Lester & Billie: BFFS

I have written a LOT about Lester Young. Seriously – if you love testing your patience and want to give yourself a particularly gruelling challenge, go check out my 85 page wanderings through his fascinating life.

For anyone who -shockingly – doesn’t want to invest the time, here’s a brief synopsis:

Born just outside of New Orleans, Lester Young earned his chops touring with the family band before migrating north to escape the ill treatment he suffered in the Jim Crow South. He established himself as an endlessly creative and refined player in the best swing bands of the 1930’s like Fletcher Henderson’s and Count Basie’s. The selection below shows Lester at the peak of his swing career. His solo compositions are very much outside the definitive style of the day and reflect his quirky personality.

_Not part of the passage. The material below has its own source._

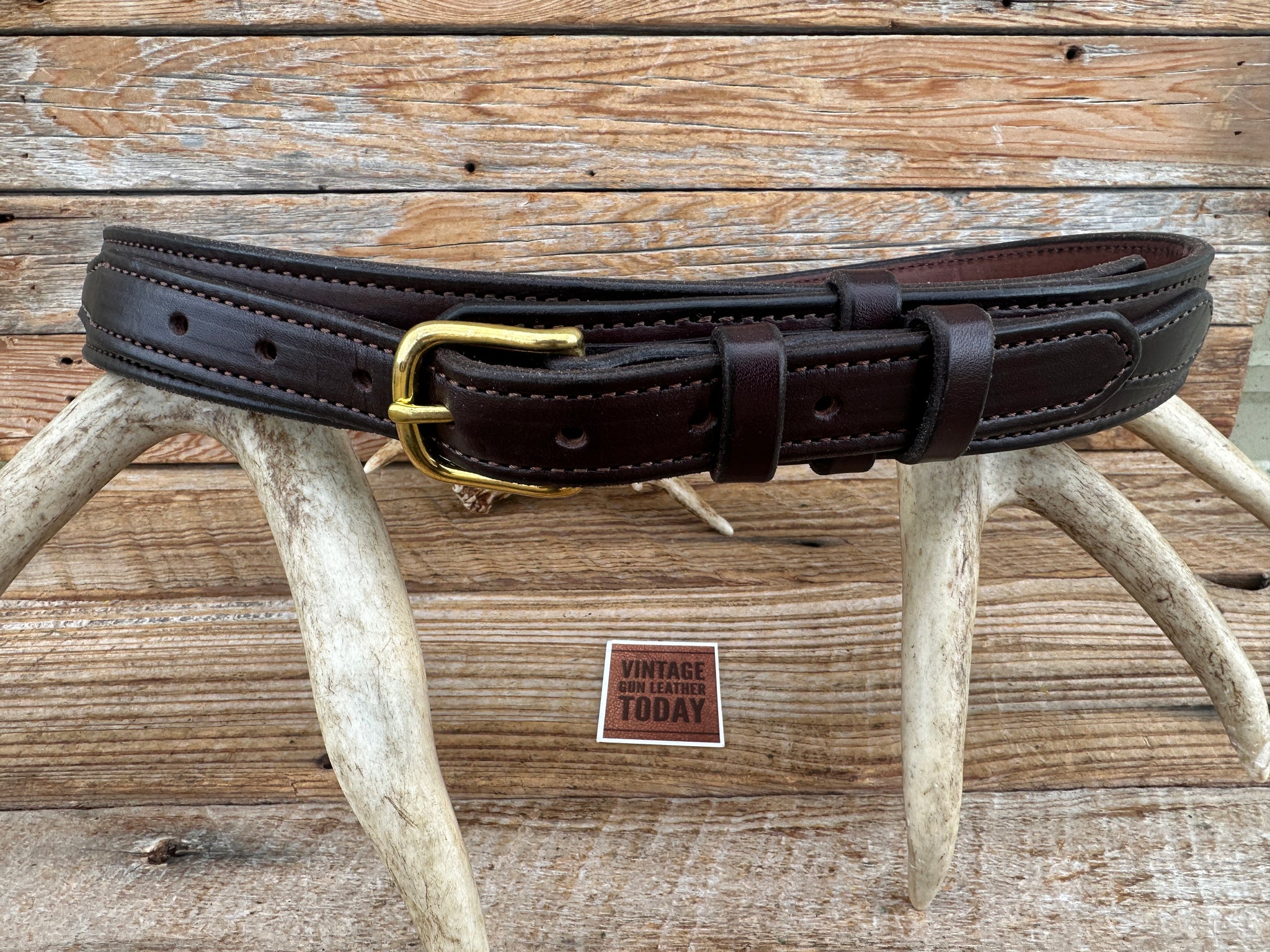 Brown Leather Ranger Style 1 1/2" Gun Belt 32" to 38" Brass Buckle SZ 36

Lester Young was an influential jazz saxophonist revered in musical circles as not only the inventor of cool jazz, but also as the inventor of the slang term ‘cool’ itself.Though he was generally respected, he was seen as firmly outside of societal norms for several qualities: his distinctive sartorial style (his signature “pork pie”hat; his cryptic, idiosyncratic slang vocabulary, fabled to have popularized the terms ‘cool,’ hip,’ and even ‘motherfucker’; and even the tone of his saxophone playing.

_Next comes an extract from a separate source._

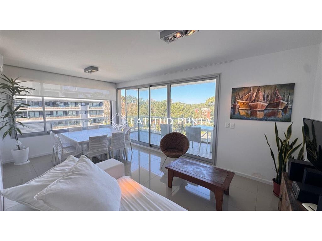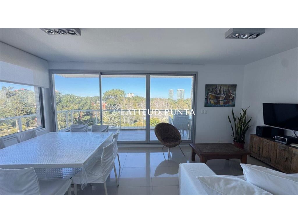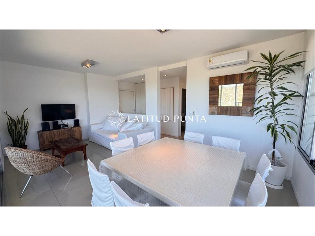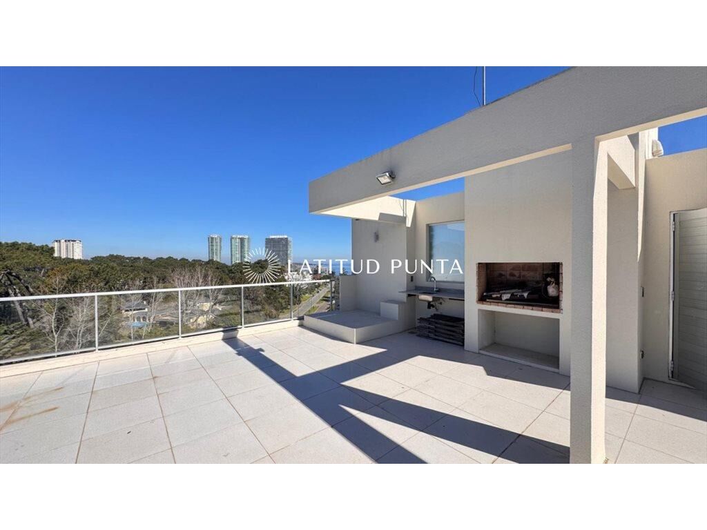 Penthouse de 3 dormitorios (2 dormitorios con balcón), 2 baños (1 en suite), living-comedor con balcón amplio, cocina muy luminosa. En planta baja cuenta con 1 dormitorio y baño, de uso exclusivo del apartamento se usa como como dependencia o de visitas. Cochera techada para dos autos y baulera amplia. En el último piso cuenta con una terraza amplia con parrillero con mesada (se accede por ascensor o escalera del apartamento 1 piso). El edificio cuenta con servicio de portería, mucama, circuito cerrado de video vigilancia, sala de reunión, gimnasio, piscina y parrillero común en el último piso.

But his big non-conformity, the one that fed into all the other elements of his personality and drew sidelong glances for his unique traits, was gender. Lester was followed his whole life by a rumour that he was queer – a rumour that most of his biographers agree started with his close platonic friendship with Billie Holiday.

Now before we go any further, let me just say that I’m not trying to confirm or deny that Lester Young was queer. For one thing, it doesn’t matter, and for another, it is not for me to decide. Sherrie Tucker wrote a great piece that grounded me as I approached this very sensitive topic. In short: Lester Young was queer inasmuch as he existed outside the “straight” lines of societal expectations for his race and gender during the climate in which he existed.

Whoops, sliding back into academic mode there…let’s return to the BFFs.

Billie Holiday’s and Lester Young’s friendship was a beautiful thing in both their lives. Both had to navigate very limited personas placed on them by the media. They understood each others’ oppression, and they understood each other’s musical voices. They were such close friends that at one point Lester moved in with Billie and her mother.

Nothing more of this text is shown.